Cassandra Hampshire arrives at Wormhill, the estate of a recently-deceased distant relative, Lucinda Benedict, who she had never met, for the reading of a will. At the reading, the impoverished Cassandra learns she is eligible to inherit Wormhill on the condition she lives there for two months with Philip Rayburn, the Earl of Hawkedon, and his grandmother, the Dowager Duchess of Avonall, as a chaperon. During this time, neither Cassandra nor Philip are allowed to leave the estate for more than three hours without forfeiting the contest to the vicarage. Shortly after Cassandra's trial begins, she sits down in one of the ugly pair of her benefactor's favorite chairs and meets Lucinda in ghost form, as everyone else in the novel eventually does.

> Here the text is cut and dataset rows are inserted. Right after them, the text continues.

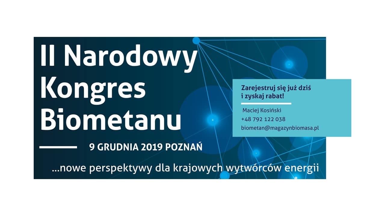 Grudniowy II Narodowy Kongres Biometanu to druga edycja konferencji. – Czas żeby branża biometanowa w Polsce wystartowała. Rok 2019 może okazać się w tym zakresie przełomowy – komentuje Jolanta Kamińska ze spółki BMG. – Zainteresowanie biometanem jest w kraju coraz większe. Nie tylko wśród biogazowników szukających nowych możliwości biznesowych, ale także wśród sektora transportowego, koncernów paliwowych i przemysłu oraz uczestników systemu EU ETS – dodaje J. Kamińska. Grudniowa konferencja odbędzie się w dniach 9-10 grudnia w Poznaniu, w Hotelu Mercure.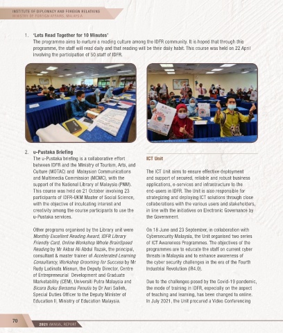 Monthly Excellent Reading Award, IDFR Library Cybersecurity Malaysia, the Unit organised two series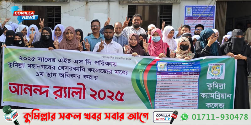 গেলো বছরের তুলনায় এ বছর কুমিল্লা বোর্ডে ফলাফল নিন্মগামী হলেও ক্যামব্রিয়ান কলেজ তার ধারাবাহিক সফলতা অব্যহত রেখেছে। রোববার শিক্ষার্থীরা কলেজ ক্যাম্পাসে আনন্দ মিছিল করে।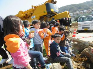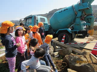 近くを通っていくミキサー車にも、歓声をあげる子どもたちでした。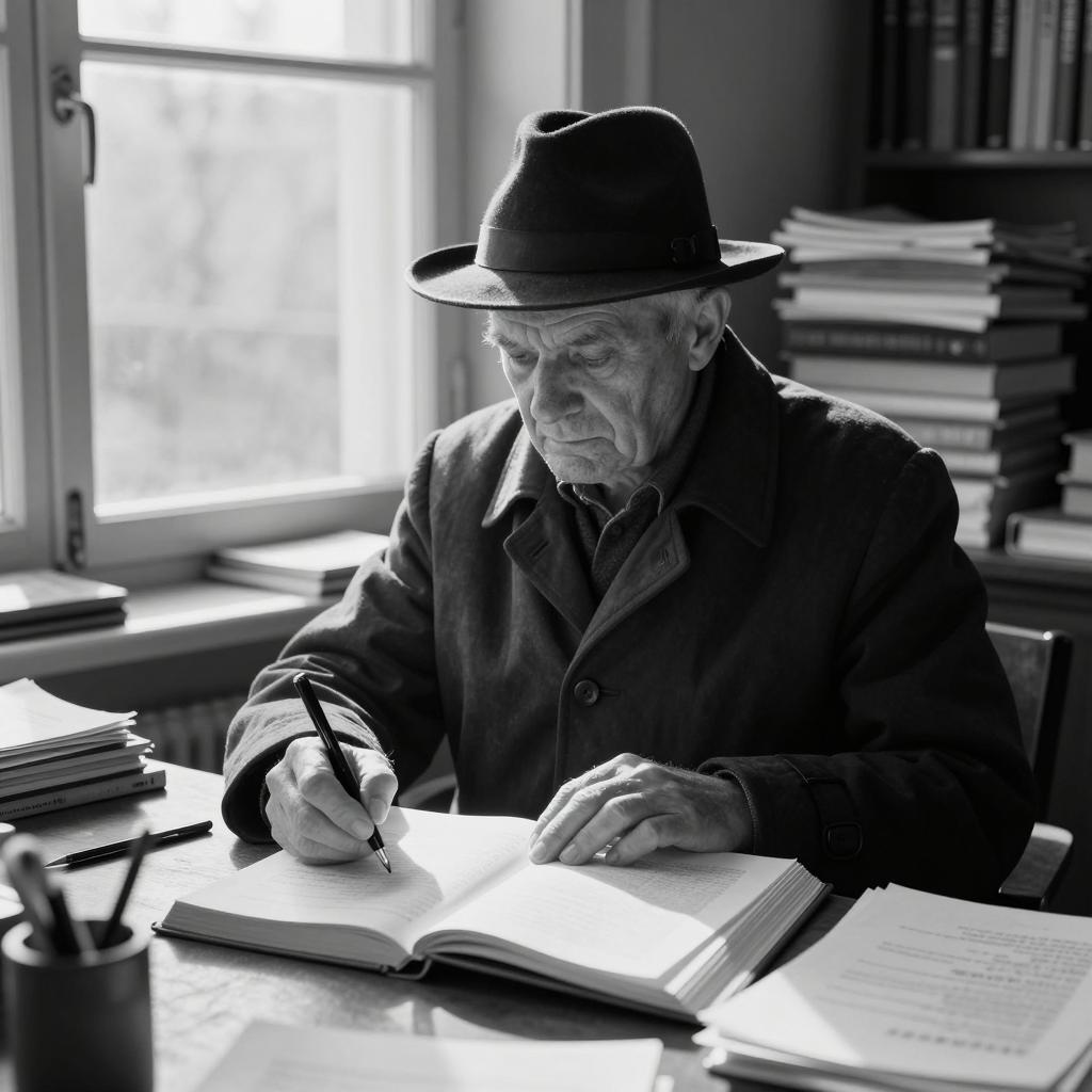 Sepia-toned photograph of an older man with a lean face, wearing a distinctive hat with curled edges, leaning forward with hands clasped. His intense gaze is directed to the side, mouth slightly open. Dark background, minimal shadows.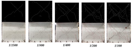 In the laboratory tests, a manual crack identification process was conducted for each damage level of every wall specimen. Initially, existing cracks were marked directly on the physical specimens using distinct colors. Subsequently, photographs capturing both the wall specimens and the marked cracks were digitized using V.72.0.0 AutoCAD 2025.0.1 software, ensuring the images were accurately scaled to the actual dimensions of the specimens.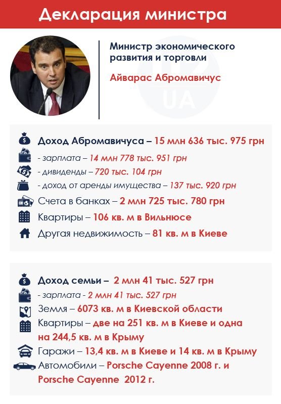 При этом зарплата Абромавичуса составила 14,8 млн грн. Эта цифра не идет ни в какое сравнение с "мизерными" зарплатами украинских министров. При этом его совсем не пугает маленькая зарплата украинского чиновника: мол, за 18 лет успешной инвестиционной деятельности он заработал достаточно, чтобы не интересоваться этим вопросом. Абромавичус также задекларировал две квартиры: в Вильнюсе площадью 106 кв. м и в Киеве - 81 кв. м. Автомобилей, согласно декларации, у министра нет, однако в распоряжении членов семьи находятся два Porsche Cayenne 2008 и 2012 г. в.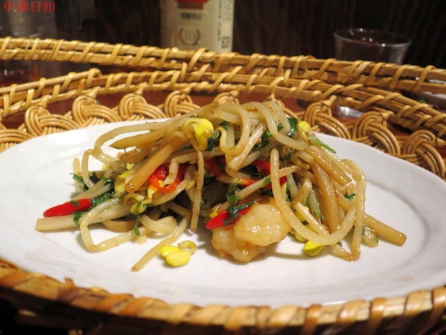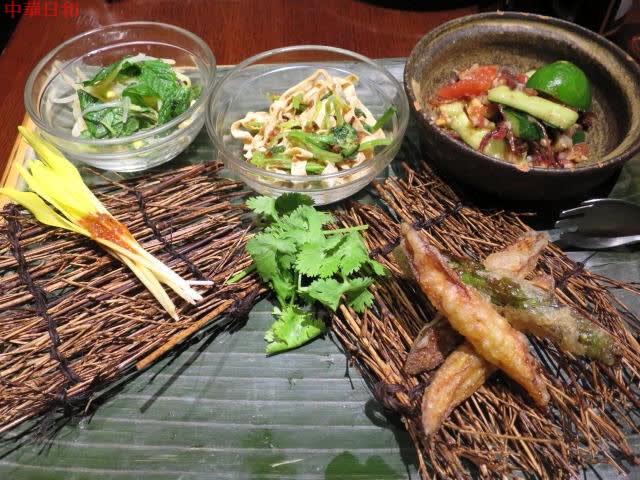 春筍のスパイス揚げ、押し湯葉、佐土原きゅうり北京の辛子油風味、細モヤシ、ミントの西双版納サラダ

The biggest problem is that none of these characters ever really initiate any substantial action. Most of their dialog usually comes out in paragraphs where they end up talking about their emotions or what needs to be done instead of doing it. Real people just don't talk like this. Lucinda's dialog is mostly quotes from other sources and really irritating, especially when the other characters spend another long paragraph analyzing what she means by the quote. By doing this, Cassandra figures out that if she and Philip don't marry, Lucinda will spend the rest of eternity sitting in the opposite chair, even if Cassandra wins Wormhill. It would have been more compelling if Cassandra won Wormhill before that fact became clear.

Cyril and Cosmo Rayburn and Fish do absolutely nothing pivotal. Their only purpose to feed the reader more background information about the lovers. Learning that Cassandra had actually spent time on the stage should come out sooner. While the women who chose a career in theater were derided during this period, it's debatable whether they were completely ostracized. Many in the upper classes took on amateur theatrics as a pastime.

More time is spent playing "Can you see Lucinda too?" than building up the relationship of the lovers. In Regency romances it is traditional to have hero and heroine arguing, but these two lack any strong disagreement for doing so. Philip and the Duchess are there only to help out Cassandra, but if she has no gratitude, why do they bother? This is a distant relative that neither of them met before the reading of the will, there is no reason for them to feel they owe her anything.

For that matter, it's rather amazing that none of this noble family resents Cassandra as an interloper. Lucinda's will also flies in the face of the sexist conventions of the times. There is no explanation as to how a woman retained full possession of Wormhill when it "naturally" should have gone to a male heir (retracing family lineage, if necessary).

The horse riding scene, as the turning point in Cassandra's and Philip's relationship, felt contrived. With all of the focus on Lucinda, the buildup was weak. It comes awful late as Cassandra's resigned effort to give Philip a try. Since she came from a life where she constantly worried about when she was going to have her next meal, it's conceivable that she would be dazzled by the handsome earl from the start.

THE HAUNTED MISS HAMPSHIRE gives its readers story information instead of good dramatic conflict. The pacing is tediously slow and the characters need depth. It also fails to capture the "drawing room comedy" quality of the genre Georgette Heyer created.